Sound of Fermi arcs: a linearly dispersing gapless surface plasmon mode in undoped Weyl semimetals

Using Green's function of semi-infinite Weyl semimetals, we present the quantum theory of the collective charge dynamics of Fermi arcs. We find that the Fermi arc plasmons in undoped Weyl semimetals are linearly dispersing gapless plasmon modes. The gaplessness comes from proper consideration of the deep penetration of surface states near the end of the Fermi arcs into the interior of the Weyl semimetal. The linear dispersion—rather than square root dispersion of pure 2D electron systems with extended Fermi surface—arises from the strong anisotropy introduced by the Fermi arc itself, due to which the continuum of surface particle-hole (PH) excitations in this system will have a strong resemblance to a stack of one-dimensional (1D) electron systems. This places the Fermi arc electron liquid in between the 1D and 2D electron liquids. Contamination with the bulk PH excitations in the doped case gives rise to the damping of the Fermi arc sounds.

Figure 1

PHC in (a) 1D and (b) 2D electron gases. (c) PHC of a momentum space stack of 1D systems. The scale $2k_F$ is separation of left and right movers in momentum space. (d) PHC of Fermi arc. Panel (d) coincides with low-$q$ part of (c).

Figure 2

(a) Schematic representation of the semi-infinite WSM. Color intensity encodes the exponential decay of the surface states. The layers represent the discretization of the $z$ coordinate used in numerical computation. (b) The Fermi arc on the surface of a Weyl semimetal that connects the projection of two Weyl nodes on the surface. The gray curve denotes the penetration depth of the Fermi arc states into the interior of the WSM.

Figure 3

Finite size scaling analysis of the relative slope difference ${\gamma }_N$ (left) and the gap ${\mathrm{\Delta }}_N$ (right) of the lowest Fermi arc plasmon modes.

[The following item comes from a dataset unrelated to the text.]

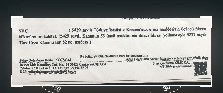 TÜİK yaptığı suç duyurusunda, Enagurup.org’un TÜİK’e bir alternatif olarak kamuoyuna sunulduğuna da işaret ederek, günlük 20 liradan az olmamak üzere adli para cezası uygulanmasını da talep etti.

The log-log plot indicates that upon increasing $N$ the gap and slope differences quickly vanish.

Figure 4

Lowest surface plasmon mode of Fermi arc states for a grid of $N=50$ layers with penetration depth of $db=25$. The polar angle is fixed by $\phi =\pi /6$. The dashed line emphasizes the extrapolation to $q\to 0$ limit.

Figure 5

The lowest surface plasmon frequency (dashed blue) and $sin\phi$ function (solid red) as a function of the polar angle $\phi$ for $N=50$ and $db=25$ for a fixed $q=0.01b$ wave vector magnitude.

Figure 6

The electrostatic potential profile for spin $\uparrow$ and $\downarrow$ (degenerate) Fermi arc electrons as a function of distance $zb$ from the surface for $\phi =\pi /6, \left|q\right|=0.1$, and $N=150$. The modes are localized on the surface.

Figure 7

The red plot is the real part of the eigenvalues $\varepsilon \left(\omega \right)$ of the dielectric matrix. The blue plot is the imaginary part of the loss function ${\varepsilon }^{-1}\left(\omega \right)$ as a function of frequency $\omega$ for a mesh with $N=50$ layers and the horizontal momentum $\mathit{q}=0.1$.